6.4.4.7. Pipeline Inspection#

You can access any step in a fitted pipeline by name.

steps_df = pd.DataFrame([
    {'Step name': name, 'Class': type(step).__name__}
    for name, step in best_pipe.steps
])
display(steps_df)

fitted_scaler = best_pipe.named_steps['scaler']
fitted_model  = best_pipe.named_steps['model']

display(pd.DataFrame([
    {'Property': 'Scaler mean (first 3 features)', 'Value': str(fitted_scaler.mean_[:3].round(3))},
    {'Property': 'Model C',                        'Value': fitted_model.C},
    {'Property': 'Coefficient shape',              'Value': str(fitted_model.coef_.shape)},
]))
Step name Class
0 scaler StandardScaler
1 model LogisticRegression
Property Value
0 Scaler mean (first 3 features) [14.067 19.247 91.557]
1 Model C 0.1
2 Coefficient shape (1, 30)

6.4.4.8. Summary#

Pattern

When to Use

Pipeline([('scaler', ...), ('model', ...)])

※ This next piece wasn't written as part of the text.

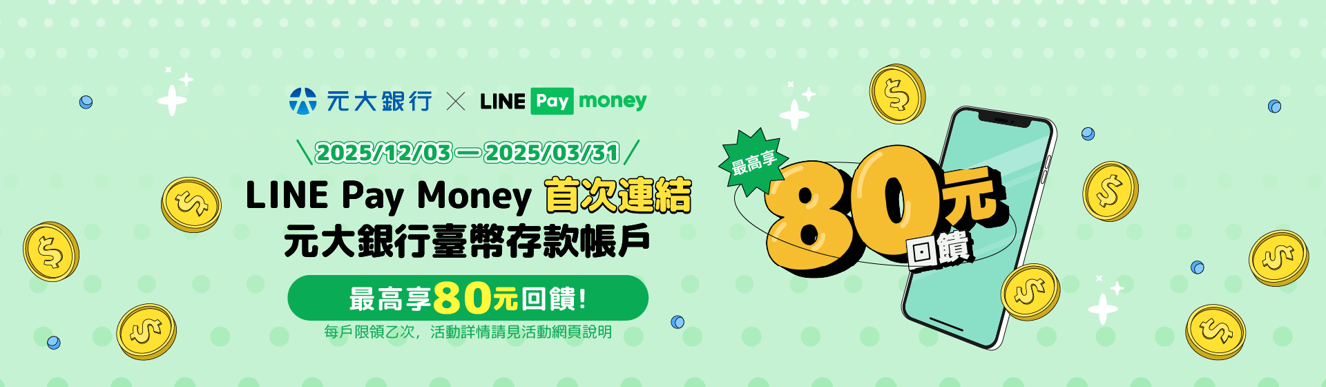 因應微軟將於2022/06/15起停止支援IE瀏覽器,元大銀行官方網站將配合同步調整,部分功能可能會有無法正常顯示的情況。為持續提供您最優質的服務,建議您使用其他瀏覽器,如:Microsoft Edge、Chrome、Safari或Firefox等,相關公告詳見官網

Any time you preprocess before modelling

ColumnTransformer

Mixed numeric and categorical columns

Pipeline + cross_val_score

Leak-free cross-validation

Pipeline + GridSearchCV

Hyperparameter tuning across preprocessing and model

pipeline.predict(raw_data)

Clean inference in production

A pipeline is not just a convenience — it is a contract. It guarantees that the exact same sequence of operations that was applied during training will be applied to every new sample at prediction time. Build pipelines from day one.